# Black Skirt Tetras Fin Nipping



## lookralphsbak (Jun 16, 2009)

I never really had a problem with fin nipping with my black skirt tetras. I had 5 until one of them died. They chased each other around and nipped at each other but nothing excessive like it is now. I got 2 new black skirts (one big and 1 small), bringing the total to 6, because I wanted to see if I could get them to school. All of them stay in their own territories and when another fish comes into it they chase them out. I started noticing the day after I put the new fish in the tank that the fins on the bigger one had been nipped as well as on the other big one I had already and 1 other small one. I think it might be the small one I got recently that is harassing my other black skirts and I don't know if I should add more tetras or let them be.

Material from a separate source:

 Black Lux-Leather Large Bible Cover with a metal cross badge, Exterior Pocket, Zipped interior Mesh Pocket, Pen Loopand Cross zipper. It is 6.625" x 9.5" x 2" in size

If adding more would solve the problem I would want to get a different fish that would do well with black skirts, perhaps even school with them if they ever get scared.

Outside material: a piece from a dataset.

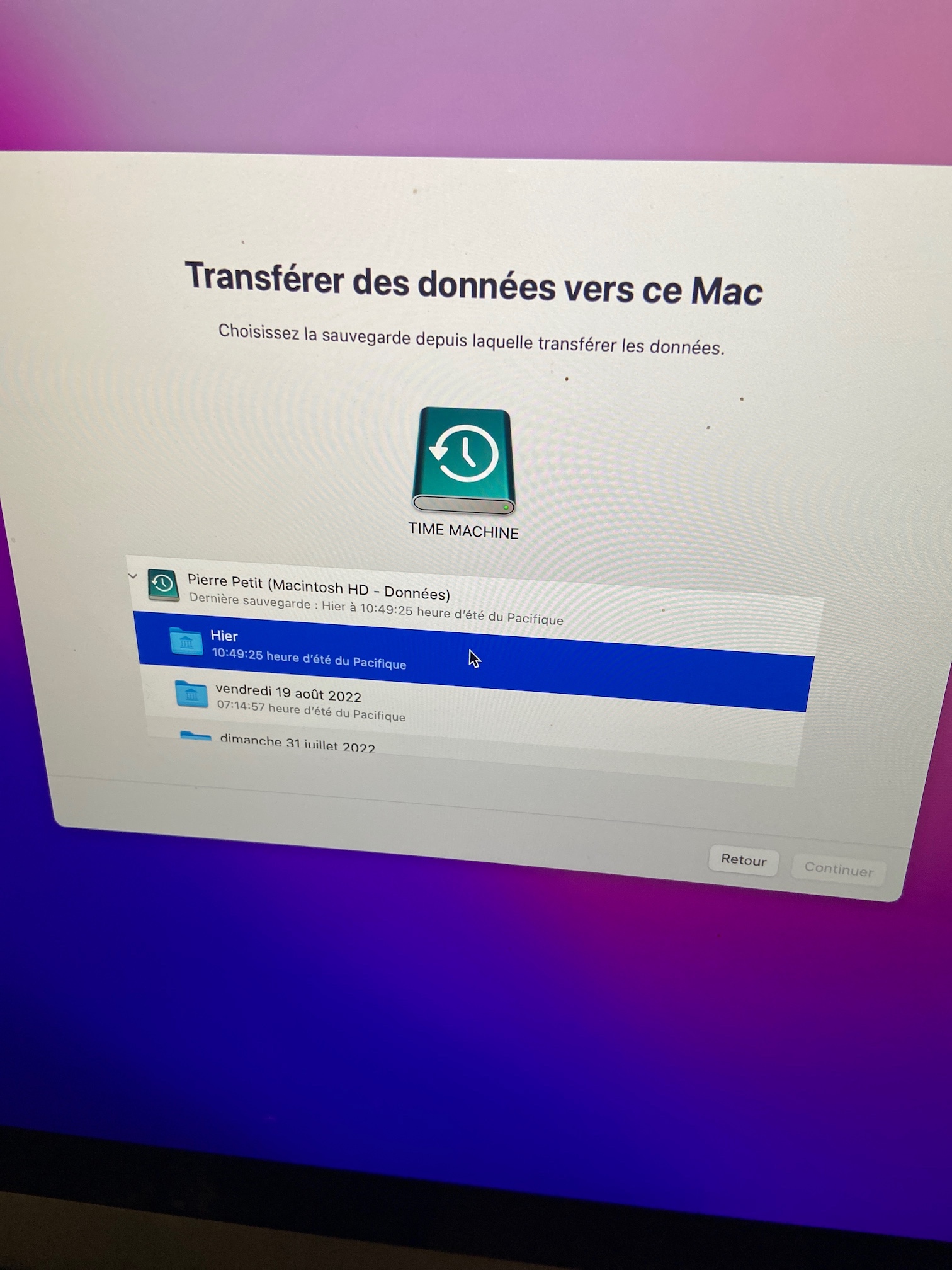 Mon mac reste bloqué sur l’étape de sélection de la sauvegarde Time Machine

I also have a Chinese algae eater. I know everyone says these fish are the worst to have but I've never had any problems with this fish. I've always had CAE since I can remember and at one point I think I had 2 or 3 at once living in the same tank. I have 1 in my set up and it still eats algae and when it's not eating algae it's hiding in it's cave or chilling on the gravel under a plant. I assumed it may have been the CAE but came to the conclusion it wasn't after I saw my black skirts were being so aggressive toward each other.


----------



## Peeps (May 24, 2010)

Black skirts are aggressive and nippy. You may have to take that one back. If you had peace before the one may have just pushed it to being aggressive. I have CAE's in with my cons and they get along great.


----------